Low-level discovery to discover IPSEC tunnels on an F5 BigIP

IPSec tunnels are weird insofar as there is one IKE SA but potentially lots of SAs – two for each traffic selector. So if your traffic selector is called proxy-01, some OIDs you’ll see in your SNMP walk will be like …proxy-01.58769, …proxy-01.58770. So to review, do an snmpwalk on the F5 itself. That command is something like

snmpwalk -v3 -l authPriv -u proxyUser -a SHA -A shaAUTHpwd -x AES -X AESpwd -c public 127.0.0.1 SNMPv2-SMI::enterprises >/tmp/snmpwalk-ent

Now…how to translate this LLD? In my case I have a template since there are several F5s which need this. The template already has discovery rules for Pool discovery, Virtual server discovery, etc. So first thing we do is add a Tunnel discovery rule.

Tunnel Discovery Rule

The SNMP OID is clipped at the end. In full it is:

discovery[{#SNMPVALUE},F5-BIGIP-SYSTEM-MIB::sysIpsecSpdStatTrafficSelectorName]

Initially I tried something else, but that did not go so well.

Now we want to know the tunnel status (up or down) and the amount of traffic over the tunnel. We create two item prototypes to get those.

Tunnel Status Item prototype

So, yes, we’re doing some fancy regex to simplify the otherwise ungainly name which would be generated, stripping out the useless stuff with a regsub function, which, by the way, is poorly documented. So that’s how we’re going to discover the statuses of the tunnels. In text, the name is:

Tunnel {{#SNMPINDEX}.regsub(“\”\/Common\/([^\”]+)\”(.+)”,\1\2)} status

and the OID is

F5-BIGIP-SYSTEM-MIB::sysIpsecSpdStatTunnelState.{#SNMPINDEX}

And for the traffic, we do this:

Tunnel Traffic Item prototype

I learned how to choose the OID, which is the most critical part, I guess, from a combination of parsing the output of the snmpwalk plus imitation of those other LLD item prortypes, which were writtne by someone more competent than I.

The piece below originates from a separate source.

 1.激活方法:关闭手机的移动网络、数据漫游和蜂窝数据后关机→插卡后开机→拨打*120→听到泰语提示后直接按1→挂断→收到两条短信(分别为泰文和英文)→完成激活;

Now the SNMP value for traffic is bytes, but you see I set units of bps? I can do that because of the preprocessing steps which are

Bytes to traffic rate preprocessing steps

Final tip

For these discovery items what you want to do is to disable Create Enabled and disable Discover. I just run it on the F5s which actually have IPSEC tunnels. Execute now actually works and generates items pretty quickly.

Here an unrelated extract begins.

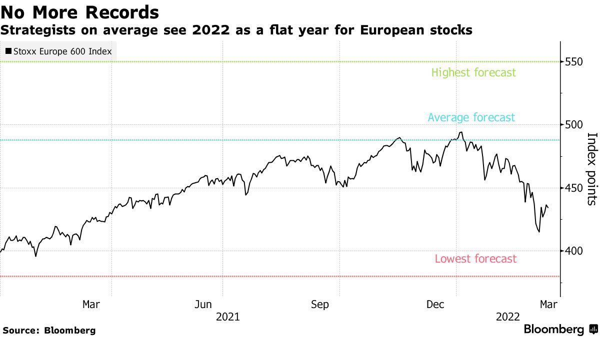 在俄乌冲突升级、油价暴涨以及欧洲央行出人意料的强硬立场影响之下,仅仅一个月左右策略师们对该指数目标点位的平均下调幅度约3.7%,部分人士甚至将预期下调了12%。

Using the api with a token and security by obscurity

I am taking the approach of pulling the token out of a config file where it has been stored, base85 encoded, because, who uses base85, anyway? I call the following script encode.py:

import sys
from base64 import b85encode

s = sys.argv[1]
s_e = s.encode('utf-8')

s64 = b85encode(s_e)
print('s,s_e,s64',s,s_e,s64)

In my case I pull this encoded token from a config file, but to simplify, let’s say we got it from the command line. This is how that goes, and we use it to create the zapi object which can be used in any subsequent api calls. That is the key.

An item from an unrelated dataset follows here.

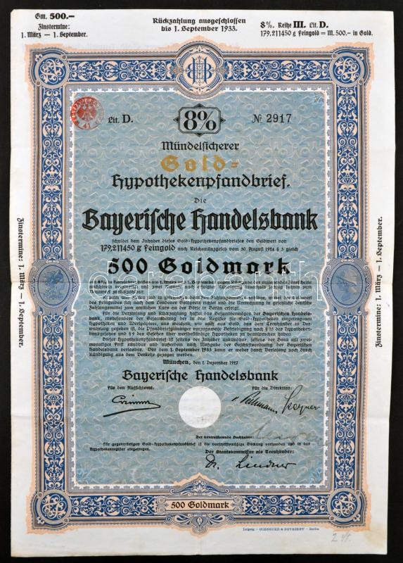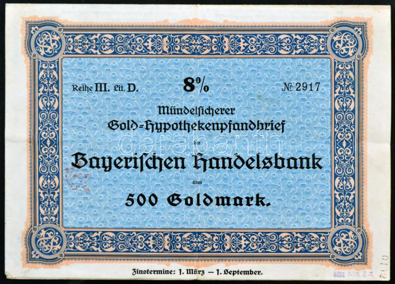 Németország / Weimari Köztársaság / München 1927. "Bajor Keresked... https://www.darabanth.com/en/262-Online-auction/262.0/Numismatics/Shares-and-Tickets~200006/Nemetorszag-Weimari-Koztarsasag-Munchen-1927-Bajor-Kereskedelmi-Bank-arany-jelzaloglev~II1252722

from base64 import b85decode
import sys

url_zabbix = sys.argv[1]
t_e = sys.argv[2] # base85 encoded token

# Login Zabbix API
t_b = t_e.encode('utf-8')
to_b = b85decode(t_b)

token_zabbix = to_b.decode('utf-8')
zapi = ZabbixAPI(url_zabbix)
zapi.login(api_token=token_zabbix)
...

So it’s a few extra lines of code, but the cool thing is that it works. This should be good for version 5.4 and 6.0. Note that if you installed both py-zabbix and pyzabbix, your best bet may be to uninstall both and reinstall just pyzabbix. At least that was my experience going from user/pass to token-based authentication.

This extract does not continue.